Saturday, December 13, 2008

We want more congestion, not less

President-elect Obama has set forth an ambitious agenda to reshape our transportation priorities. The AP article provides some of the details. The story lays out Obama's reasoning that if we solve congestion we will put people to work. I have my doubts that this is what the President-elect said, but if he did he's got it backwards.

There are a few important points about congestion. First, it is a result of people driving around to go places. This means that when there is a lot of economic activity there is an increase in congestion. We should hope for a lot of congestion as that will signal that the economy is growing again.
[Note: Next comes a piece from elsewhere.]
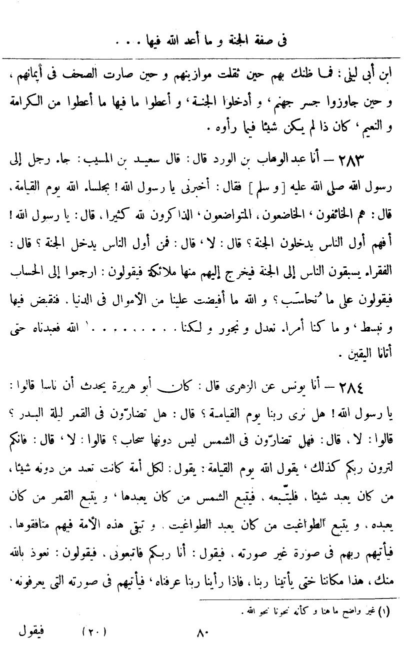 أنا يُونُسُ، عَنِ الزُّهْرِيِّ قَالَ: كَانَ أَبُو هُرَيْرَةَ يُحَدِّثُ: أَنَّ نَاسًا قَالُوا: يَا رَسُولَ اللَّهِ، هَلْ نَرَى رَبَّنَا يَوْمَ الْقِيَامَةِ؟ قَالَ: «هَلْ تُضَارُّونَ فِي الْقَمَرِ لَيْلَةَ الْبَدْرِ؟» قَالُوا: لَا قَالَ: «فَهَلْ تُضَارُّونَ فِي الشَّمْسِ لَيْسَ دُونَهَا سَحَابٌ؟» قَالُوا: لَا، فَقَالَ: " فَإِنَّكُمْ لتَرَوْنَ رَبَّكُمْ، كَذَلِكَ يَقُولُ اللَّهُ يَوْمَ الْقِيَامَةِ: يَقُولُ: لِكُلِّ أُمَّةٍ كَانَتْ تَعْبُدُ مِنْ دُونِهِ شَيْئًا، مَنْ كَانَ يَعْبُدُ شَيْئًا فَلْيَتْبَعْهُ، فَيَتْبَعُ الشَّمْسَ مَنْ كَانَ يَعْبُدُهَا، وَيَتْبَعُ الْقَمَرَ مَنْ كَانَ يَعْبُدُهُ، وَيَتْبَعُ الطَّوَاغِيتَ مَنْ كَانَ يَعْبُدُ الطَّوَاغِيتَ، وَتَبْقَى هَذِهِ الْأُمَّةُ فِيهِمْ مُنَافِقُوهَا، فَيَأْتِيهِمْ رَبُّهُمْ فِي صُورَةٍ غَيْرِ صُورَتِهِ، فَيَقُولُ: أَنَا رَبُّكُمْ فَاتْبَعُونِي، فَيَقُولُونَ: نَعُوذُ بِاللَّهِ مِنْكَ، هَذَا مَكَانُنَا حَتَّى يَأْتِيَنَا رَبُّنَا، فَإِذَا رَأَيْنَا رَبَّنَا عَرَفْنَاهُ، فَيَأْتِيهِمْ فِي صُورَتِهِ الَّتِي يَعْرِفُونَهُ ⦗٨١⦘، فَيَقُولُ: أَنَا رَبُّكُمْ، فَيَقُولُونَ: أَنْتَ رَبُّنَا فَيَتْبَعُونَهُ، وَيُضْرَبُ الصِّرَاطُ الْمُسْتَقِيمُ بَيْنَ ظَهْرَيْ جَهَنَّمَ "، قَالَ رَسُولُ اللَّهِ صَلَّى اللهُ عَلَيْهِ وَسَلَّمَ: " فَأَكُونُ أَنَا وَأُمَّتِي أَوَّلَ مَنْ يَجُوزُ عَلَى الصِّرَاطِ الْمُسْتَقِيمِ، وَلَا يَتَكَلَّمُ يَوْمَئِذٍ أَحَدٌ إِلَّا الرُّسُلُ، وَقَوْلُهُمْ يَوْمَئِذٍ: اللَّهُمَّ سَلِّمْ سَلِّمْ "، قَالَ أَبُو هُرَيْرَةَ: قَالَ رَسُولُ اللَّهِ: «فَأَجْتَازُ بِأُمَّتِي، وَفِي النَّارِ كَلَالِيبُ مِثْلُ شَوْكِ السَّعْدَانِ، هَلْ رَأَيْتُمْ شَوْكَ السَّعْدَانِ؟» قَالُوا: نَعَمْ قَالَ: " فَإِنَّهَا مِثْلُهُ، غَيْرَ أَنَّهُ لَا يَعْلَمُ قَدْرَ عِظَمِهَا إِلَّا اللَّهُ، فَتَخْطَفُ النَّاسَ بِأَعْمَالِهِمْ، فَالْمُوبَقُ فِي جَهَنَّمَ بِعَمَلِهِ، وَالْمُخَرْدَلُ، ثُمَّ يَنْجُو، فَإِذَا فَرَغَ اللَّهُ مِنَ الْقَضَاءِ بَيْنَ الْعِبَادِ، فَأَرَادَ رَحْمَةَ مَنْ أَرَادَ مِمَّنْ فِي النَّارِ، أَمَرَ الْمَلَائِكَةَ أَنْ يُخْرِجُوا مِنْ جَهَنَّمَ مَنْ أَرَادَ، فَيُخْرِجُونَهُمْ وَيُعلِّمُونَهُمْ بِآثَارِ السُّجُودِ، فَيُخْرِجُونَهُمْ وَقَدِ امْتَحَشُوا، فَيُصَبُّ عَلَيْهِمْ مَاءُ الْحَيَاةِ، فَيَنْبُتُونَ نَبَاتَ الْحَبَّةِ فِي حَمِيلِ السَّيْلِ، حَتَّى يَبْقَى رَجُلٌ مِنْ آخِرِ أَهْلِ الْجَنَّةِ دُخُولًا، قَاعِدًا بَيْنَ الْجَنَّةِ وَالنَّارِ، مُقْبِلًا بِوَجْهِهِ إِلَى جَهَنَّمَ، فَيَقُولُ: يَا رَبِّ، اصْرِفْ وَجْهِي عَنِ النَّارِ، أَحْرَقَنِي ذَكَاؤُهَا، وَقشَبَنِي رِيحُهَا، فَيَقُولُ اللَّهُ عَزَّ وَجَلَّ لَهُ: فَعَسَيْتَ إِنْ فُعِلَ ذَلِكَ بِكَ أَنْ تَسْأَلَ غَيْرَهُ؟ فَيَقُولُ: لَا، فَيُعْطِي رَبَّهُ مِنَ الْعُهُودِ وَالْمَوَاثِيقِ مَا شَاءَ اللَّهُ، فَيَصْرِفُ اللَّهُ وَجْهَهُ عَنِ النَّارِ قِبَلَ الْجَنَّةِ، فَإِذَا برَزَتْ لَهُ الْجَنَّةُ ⦗٨٢⦘ سَكَتَ مَا شَاءَ اللَّهُ أَنْ يَسْكُتَ، ثُمَّ يَقُولُ: يَا رَبِّ، قَدِّمْنِي عِنْدَ بَابِ الْجَنَّةِ، فَيَقُولُ اللَّهُ: أَلَيْسَ قَدْ أَعْطَيْتَ مِنَ الْعُهُودِ وَالْمَوَاثِيقِ أَنْ لَا تَسْأَلَ اللَّهَ غَيْرَ الَّذِي أُعْطِيتَ؟ فَيَقُولُ: يَا رَبِّ، لَا تَجْعَلْنِي أَشْقَى خَلْقِكَ بِكَ، فَيُقَدِّمُهُ اللَّهُ إِلَى بَابِ الْجَنَّةِ، فَإِذَا بَلَغَ بَابَ الْجَنَّةِ، انْفَهَقَتْ لَهُ الْجَنَّةُ، فَرَأَى مَا فِيهَا مِنَ الْبَهْجَةِ وَالنَّضْرَةِ وَالسُّرُورِ، فَيَسْكُتُ مَا شَاءَ اللَّهُ أَنْ يَسْكُتَ، ثُمَّ يَقُولُ: يَا رَبِّ، أَدْخِلْنِي الْجَنَّةَ، فَ

A second point is that we can build all the roads and light rail lines we want, but until drivers start paying the marginal costs of travel through user fees of some sort we won't see a meaningful drop in driving compared to transit. Since most of transportation money is spent on roads, that's what we are mostly prepared to build on short notice through an economic stimulus package.

On a related note, a bailout of the auto companies will further assert the primacy of autos for personal transportation for the foreseeable future. This outcome is at odds with Obama's stated goals of improving transportation choices and transit use, and may have lousy consequences for responsible urban growth. Auto use is already heavily subsidized through parking regulations and other financing tools such as sales taxes for transportation investment. Many people used mortgage products to buy cars over the past decade, representing a subsidy for the purchase of autos. Now we will subsidize the production of cars. This collection of policies favor autos as our primary mode of personal transportation, and in turn we will plan for more cars. As such, we should hope we end up with congested roads filled with all those cars we're supposed to buy.